Chlorine gas can be prepared according to the reaction: 16HCI+2KMnO4->5CI2+2MnCI2+8H2O (b) how many grams of water will be produced when 75g of KCI are produced?
To determine how many grams of water will be produced when 75g of KCl are reacted, we need to use the stoichiometry of the balanced chemical equation.
According to the reaction: 16 HCl + 2 KMnO4 -> 5 Cl2 + 2 MnCl2 + 8 H2O
We can see that for every mole of KCl produced, 8 moles of water are produced.

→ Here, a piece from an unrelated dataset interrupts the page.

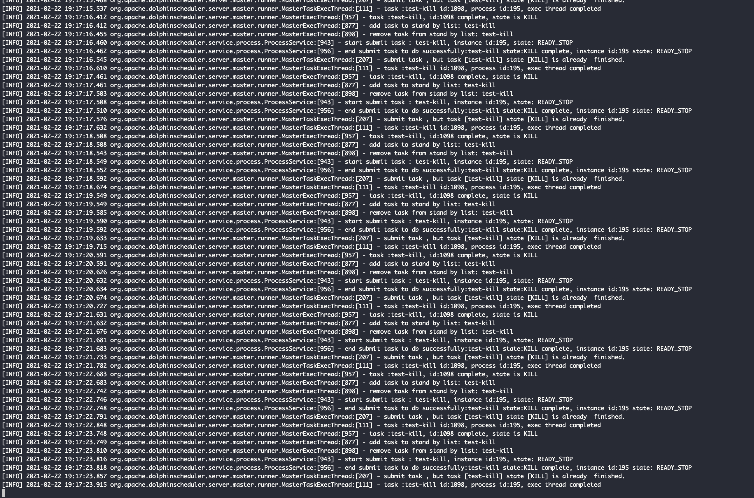 **For better global communication, Please describe it in English. If you feel the description in English is not clear, then you can append description in Chinese(just for Mandarin(CN)), thx! ** **Describe the bug** Process cannot stop when killed with retry. **To Reproduce** Steps to reproduce the behavior, for example: 1. create a process,and a task with retry  2. start the process,then kill it the task will be killed and process in status ready_stop   3. dolphinscheduler-master.log echo log  4. See error **Expected behavior** A clear and concise description of what you expected to happen. **Which version of Dolphin Scheduler:** -[dev] **Additional context** Add any other context about the problem here. **Requirement or improvement** - Please describe about your requirements or improvement suggestions. ---------------------------------------------------------------- This is an automated message from the Apache Git Service. To respond to the message, please log on to GitHub and use the URL above to go to the specific comment. For queries about this service, please contact Infrastructure at: [email protected]

So, we need to calculate the amount of KCl in moles and then use the stoichiometric ratio to find the amount of water produced.
The molar mass of KCl is 39.10 g/mol.
Number of moles of KCl = mass / molar mass
Number of moles of KCl = 75 g / 39.10 g/mol
Number of moles of KCl = 1.92 mol
According to the stoichiometric ratio, 8 moles of water are produced for every 2 moles of KMnO4.
Therefore, the number of moles of water produced can be calculated using the ratio,
Number of moles of water = (1.92 mol KCl) x (8 mol H2O / 2 mol KMnO4)
Number of moles of water = 1.92 mol x 8 / 2
Number of moles of water = 7.68 mol
To find the mass of water produced, we can use the molar mass of water, which is 18.02 g/mol.
Mass of water = number of moles x molar mass
Mass of water = 7.68 mol x 18.02 g/mol
Mass of water = 138.34 g
Therefore, when 75 g of KCl are reacted, 138.34 grams of water will be produced.